What is break even point for bb when it becomes too slow etc. and I have to switch to plain Clojure?
@dennisa That's hard to say in general, but as a rule of thumb I would say, scripts that take longer than 5 seconds are probably worth running on the JVM. Are you hitting any limits?
@borkdude Btw, I was thinking about this. I think you discovered that a Graalvm process can be replaced with another process, right? Could this mean that you could start a babashka process together with a clj process and have the clj process take over after X time? This assumes of course that there are no port collisions or other side effects
Correct
"after X time", this would just be an explicit call. you could e.g. do the CLI parsing in bb and then hand over control to the clj process
Nice ๐
Can imagine it is even nice for user feedback. E.g. prepend a spinner to a slow starting jvm process https://github.com/clj-commons/spinner
@borkdude I've got a lot of map/filter code that runs per se fast enough ~ . But printing becomes super slow after a while, especially in repl, it takes 500 ms for one line. And printing is important for my scripting.
When you say "in the repl", are you working from Emacs by any chance? If you print a lot, it does tend to become laggy... clearing the REPL output helps in this case (usually)
I work with VSC. The repl printing becomes so slow I have to restart the Repl, and VSC at some point. I am afraid it will happen in CLI/prod and become a bottleneck
@dennisa Is it possible for you to make a minimal repro for this? I may have an idea where a performance problem with println could come from and I might be able to optimize it
It may just be an issue with your editor, so I'd like to have some kind of editor-independent repro
Like, how many lines / items are you printing
I need to find a way to separate the business logic from the printing code. Do you have ideas how to do it?
as a first step, you could try to run your scripts outside of the editor and see if your problem is editor related
@dennisa
printing in VSC (you probably mean vs code + Calva?) does indeed become slower and slower with more lines in output.calva-repl
"file".
But in this case you still have to pay the startup cost of the jvm, itโs not like itโs starting up โin the backgroundโ, since itโs an exec call.
Is there documentation anywhere that compares bash scripting to bb? Would like to point coworkers to this to make it easier for them to try bb. If not, was thinking of starting a wiki page
Can you maybe mitigate (in editor) by shrinking some backlog setting?
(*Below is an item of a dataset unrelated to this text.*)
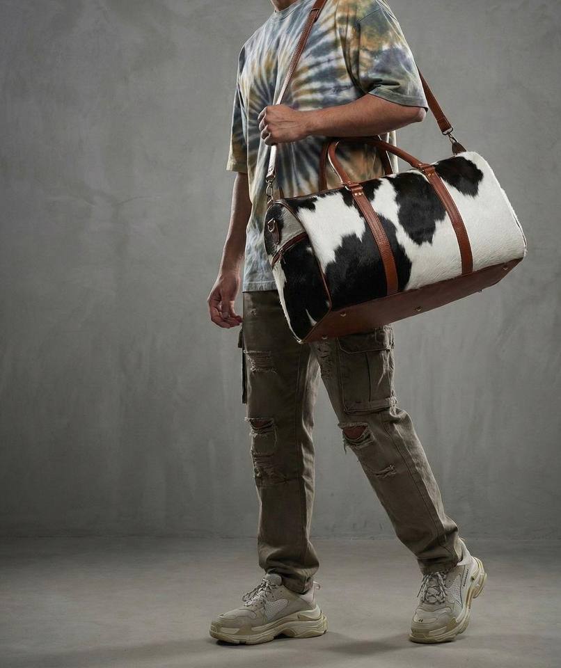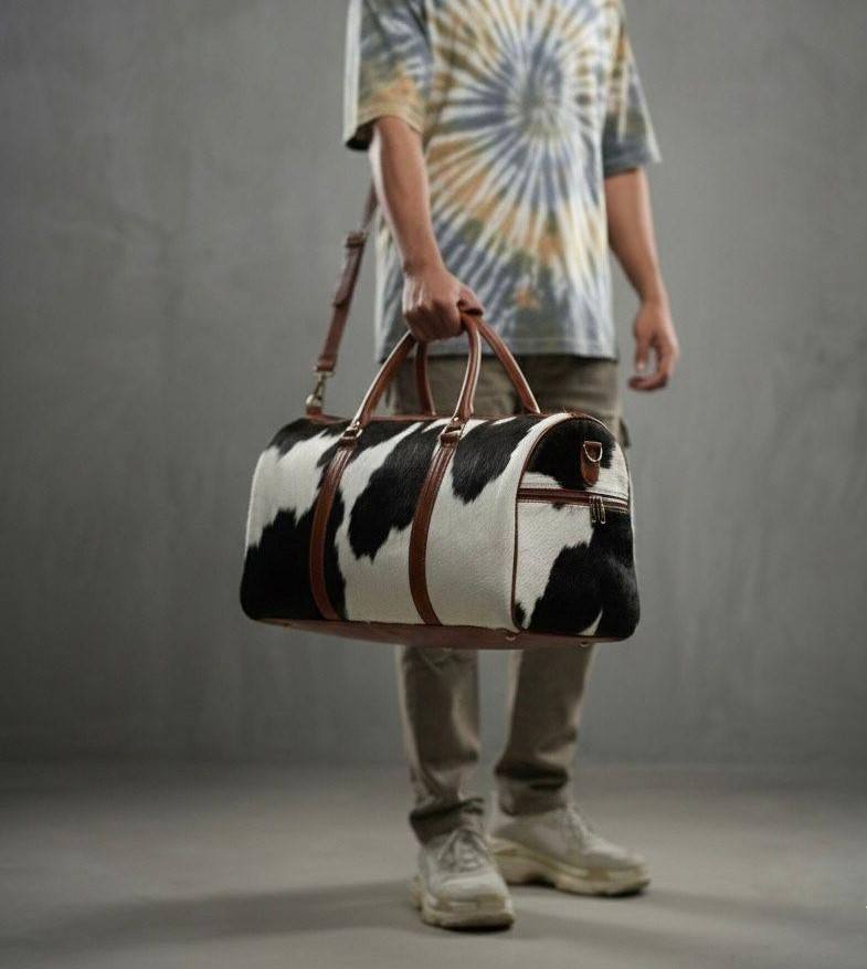 กระเป๋าเดินทางหนังแท้ลายขนสัตว์สไตล์วินเทจพรีเมียม พร้อมซิปปิด น้ำหนักเบา เหมาะสำหรับเดินทางช่วงสุดสัปดาห์ รุ่น LHODB-0126

btw @dennisa in case it's really the issue with calva and its slow appending to output.calva-repl
, I've already tried doing some optimizations in Calva in the past. You may check this archive: https://clojurians-log.clojureverse.org/calva/2021-03-30
Basically i just added batching into append
function inside results-doc.ts
. It made quite a big difference, especially when you append many lines in one-by-one fashion.
Here's a youtube video https://www.youtube.com/watch?v=GufgU7C4n6s showing the slowness and how it might be optimized. Unfortunately I didn't have time back then to fully finish this effort. If this slowness is what you're experiencing, then we should probably continue the conversation in #calva channel instead.
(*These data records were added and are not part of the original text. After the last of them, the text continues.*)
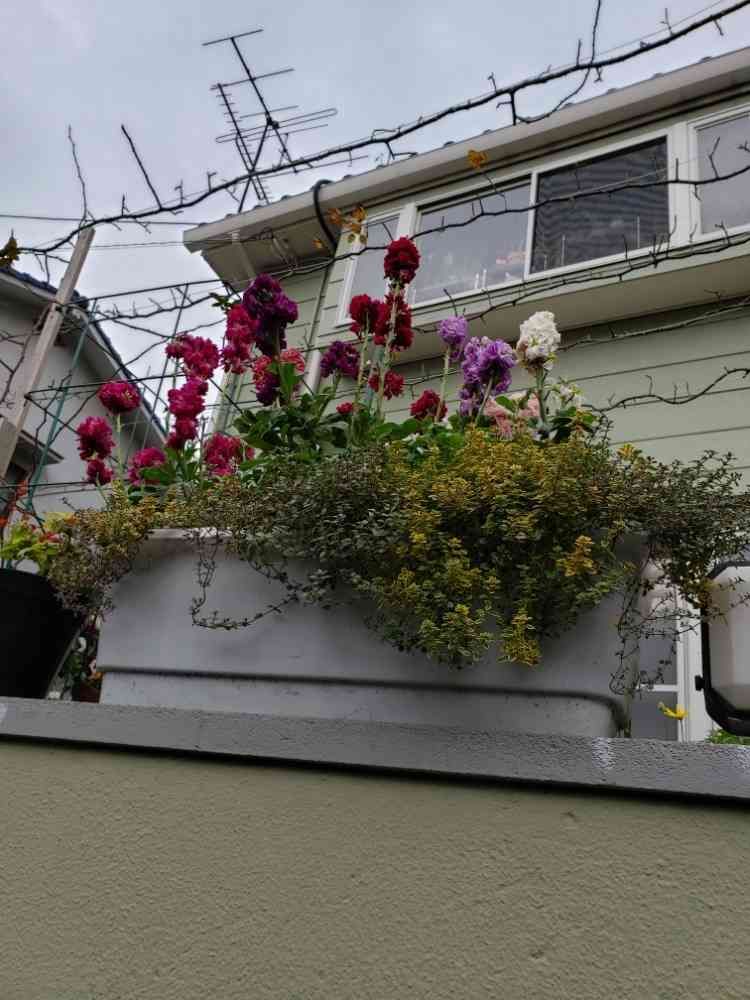 ストックを剪定し、寄せ植えのためのグリーンプランツも枯れているところを剪定して整えました。
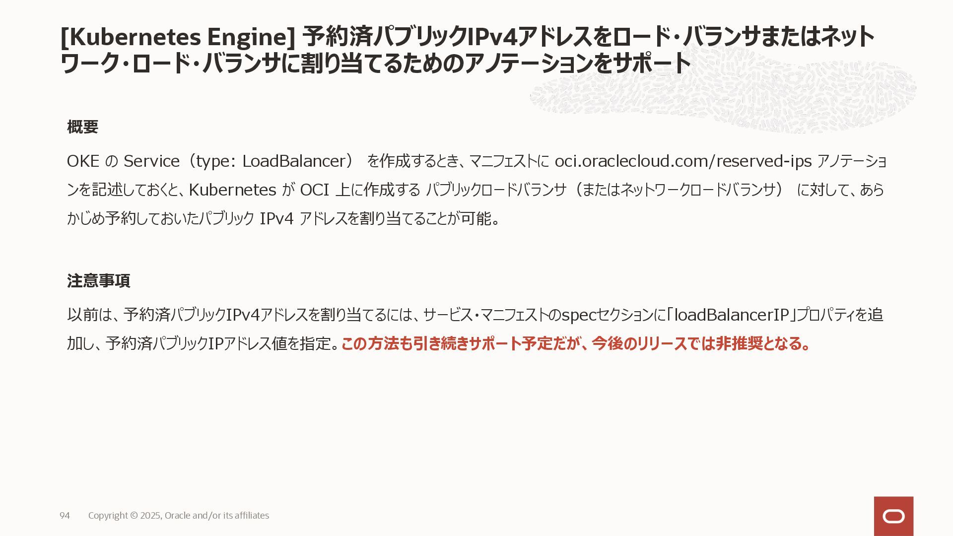 oci.oraclecloud.com/reserved-ips アノテーショ ンを記述しておくと、Kubernetes が OCI 上に作成する パブリックロードバランサ(またはネットワークロードバランサ) に対して、あら かじめ予約しておいたパブリック IPv4 アドレスを割り当てることが可能。 注意事項 以前は、予約済パブリックIPv4アドレスを割り当てるには、サービス・マニフェストのspecセクションに「loadBalancerIP」プロパティを追 加し、予約済パブリックIPアドレス値を指定。この⽅法も引き続きサポート予定だが、今後のリリースでは⾮推奨となる。 Copyright © 2025, Oracle and/or its affiliates 94
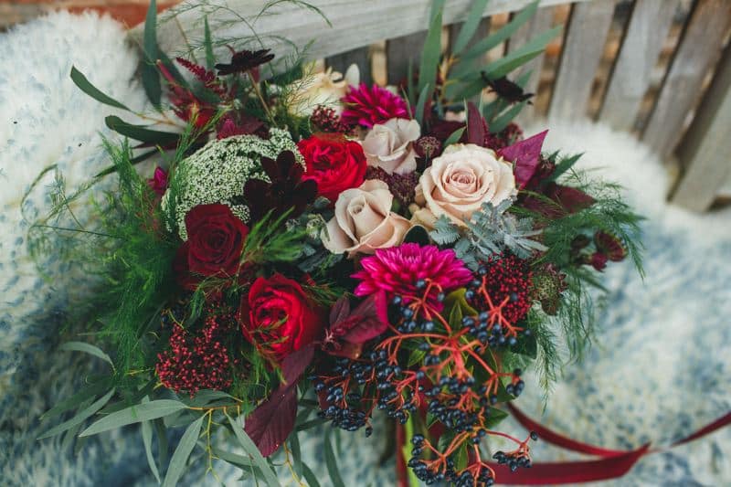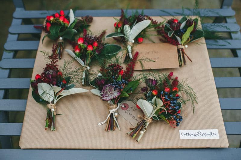 We did the venue flowers ourselves, but decided on professional flowers for the bouquets and buttonholes. I used a local florist, Catkin & Pussywillow, who have such a creative flare mixed with a wild rustic beauty. I discussed with them that I was looking for ‘wild, rustic and seasonal’ and allowed them to design the flowers. When they arrived the morning of the wedding, they were more beautiful than I ever could have imagined. The flowers perfectly complimented the autumnal colours we picked for the bridesmaids outfits and groomsmen’s bow ties. We have since dried the bouquets and have them hanging in the house as a beautiful display that we can keep forever.
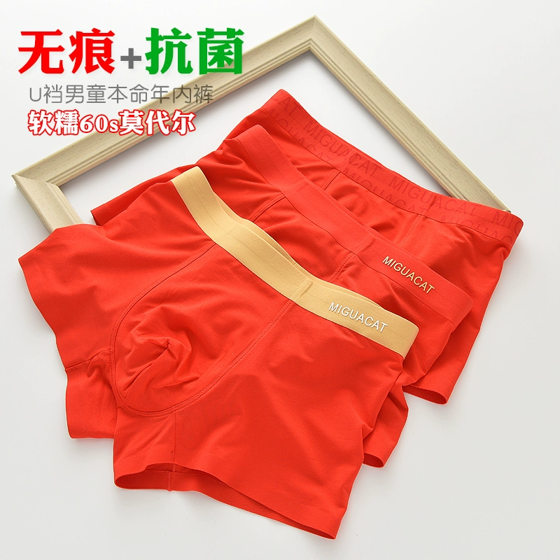 | nameOriginal | Parent-child u-crotch zodiac year red boys' underwear boxer modal seamless youth shorts antibacterial 12 years old |

Nice that babashka has exec on its roadmap
I can have some usages for it probably
@cldwalker The wiki is open I believe.
There is also a github discussion about this. I'm also willing to incorporate this in the book at some point, but I'd be fine if someone else took initiative on this as well or maintained some page
@thiagokokada it's honestly not so hard to add, I'm just more worried that people use it in a way to shoot themselves in the foot
e.g. when using this with tasks, the tasks aren't supervised anymore, e.g. when one dependency uses exec, the entire tree of tasks will suddenly become that process
It is still useful, Python has this on its stdlib and when you need exec is the only option
right
so what's something you would use this for as opposed to just create a child process and wait for it to finish?
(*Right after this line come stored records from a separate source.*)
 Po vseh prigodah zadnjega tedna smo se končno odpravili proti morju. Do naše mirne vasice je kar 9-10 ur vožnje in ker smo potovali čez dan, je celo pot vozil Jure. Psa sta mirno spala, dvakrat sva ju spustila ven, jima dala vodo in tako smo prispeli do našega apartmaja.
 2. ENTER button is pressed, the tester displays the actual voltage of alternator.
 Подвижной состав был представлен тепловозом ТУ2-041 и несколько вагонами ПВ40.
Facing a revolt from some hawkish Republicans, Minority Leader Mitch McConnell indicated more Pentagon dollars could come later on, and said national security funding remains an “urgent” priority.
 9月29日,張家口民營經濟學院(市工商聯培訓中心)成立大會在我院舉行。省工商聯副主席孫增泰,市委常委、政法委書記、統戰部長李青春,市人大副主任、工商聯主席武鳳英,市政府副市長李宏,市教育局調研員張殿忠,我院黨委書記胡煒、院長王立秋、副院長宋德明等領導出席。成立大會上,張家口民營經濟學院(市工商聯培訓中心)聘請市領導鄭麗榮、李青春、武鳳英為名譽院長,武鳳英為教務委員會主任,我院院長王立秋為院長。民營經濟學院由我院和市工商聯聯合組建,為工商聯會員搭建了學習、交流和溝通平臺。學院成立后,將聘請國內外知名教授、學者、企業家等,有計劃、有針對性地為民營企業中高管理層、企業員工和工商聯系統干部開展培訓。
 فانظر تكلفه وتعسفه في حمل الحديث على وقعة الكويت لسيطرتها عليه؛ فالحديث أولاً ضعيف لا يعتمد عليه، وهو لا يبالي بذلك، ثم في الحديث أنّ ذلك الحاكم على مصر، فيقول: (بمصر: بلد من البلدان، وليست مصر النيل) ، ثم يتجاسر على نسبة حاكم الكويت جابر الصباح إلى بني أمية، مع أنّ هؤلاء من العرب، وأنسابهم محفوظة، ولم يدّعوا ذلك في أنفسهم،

I needed to call a second program once where I didn't want to pay the memory consumption of my own program, so exec was the answer (also, I didn't need the result of the program, just calling it)
So I used exec
but the memory consumption of bb is very little
Still, I didn't need it
Like I said, I didn't need the result of the program
Created https://github.com/babashka/babashka/wiki/Tasks:-Bash-and-Babashka-equivalents as a first pass. Happy to move to the book at some point. Fixes and more contributions welcome ๐
Renamed to https://github.com/babashka/babashka/wiki/Bash-and-Babashka-equivalents
Also, I needed to return the real code of the exec'd code
And I can do this with subprocess, but exec does this without needing special handling
correct. do you think this function belongs in babashka.process?
Not sure, in python it is part of os
os.exec
(I would argue that technically not, because exec is not a subprocess)
exec
is a Unix system call, so it is better fitted to a place that groups system calls
babashka.core? ;P
babashka.system?
we could do babashka.os
babashka.os
seems great
I remembered the discussion about setenv now ๐
correct
we didn't add setenv because it would be very confusing since the env is cached in the jvm
BTW, I think exec may compose badly with other parts of Babashka Like, you can't set an environment ๐
yes
this is why I'm not eager to add it yet
there may be reasons the java folks don't support this
exec in Java doesn't really make sense
If exec was possible in JVM you would exit JVM
so? if exec is possible in bb you would exit bb. same for python. what's the difference?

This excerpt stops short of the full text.